Computing the greatest common divisor
Determining if a number is a palindrome
Determining if a number consists of only ...
Determining how many ... a number consists of...
My favorite use is for iteration.
Say you have a counter you are incrementing and want to then grab from a known list a corresponding items, but you only have n items to choose from and you want to repeat a cycle.
var indexFromB = (counter-1)%n+1;
Results (counter=indexFromB) given n=3:
`1=1`
`2=2`
`3=3`
`4=1`
`5=2`
`6=3`
...
Best use of modulus operator I have seen so for is to check if the Array we have is a rotated version of original array.
A = [1,2,3,4,5,6]
B = [5,6,1,2,3,4]
Now how to check if B is rotated version of A ?
Step 1: If A's length is not same as B's length then for sure its not a rotated version.

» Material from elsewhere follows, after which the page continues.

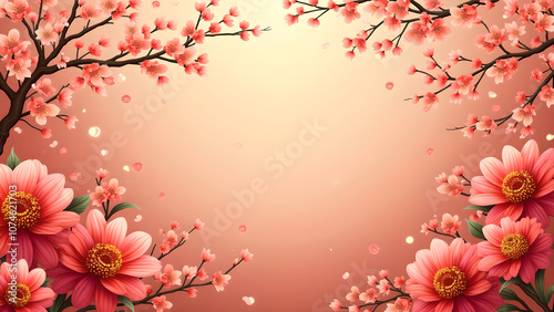 © Arief, Fototapeta premium Pink cherry blossom flowers blooming on a peach background. Springtime floral background for website banners and social media.

Step 2: Check the index of first element of A in B. Here first element of A is 1. And its index in B is 2(assuming your programming language has zero based index).
lets store that index in variable "Key"
Step 3: Now how to check that if B is rotated version of A how ??

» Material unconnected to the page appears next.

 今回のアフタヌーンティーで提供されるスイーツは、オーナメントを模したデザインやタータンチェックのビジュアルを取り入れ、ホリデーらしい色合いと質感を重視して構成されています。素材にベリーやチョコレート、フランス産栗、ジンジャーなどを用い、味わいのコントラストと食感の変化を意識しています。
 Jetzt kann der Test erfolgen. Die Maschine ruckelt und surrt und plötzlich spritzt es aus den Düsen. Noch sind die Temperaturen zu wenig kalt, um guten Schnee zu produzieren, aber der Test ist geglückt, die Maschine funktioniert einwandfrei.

This is where modulus function rocks :
for (int i = 0; i< A.length; i++)
{
// here modulus function would check the proper order. Key here is 2 which we recieved from Step 2
int j = [Key+i]%A.length;
if (A[i] != B[j])
{
return false;
}
}
return true;
It's an easy way to tell if a number is even or odd. Just do # mod 2, if it is 0 it is even, 1 it is odd.
Often, in a loop, you want to do something every k'th iteration, where k is 0 < k < n, assuming 0 is the start index and n is the length of the loop.
So, you'd do something like:
int k = 5;
int n = 50;
for(int i = 0;i < n;++i)
{
if(i % k == 0) // true at 0, 5, 10, 15..
{
// do something
}
}
Or, you want to keep something whitin a certain bound. Remember, when you take an arbitrary number mod something, it must produce a value between 0 and that number - 1.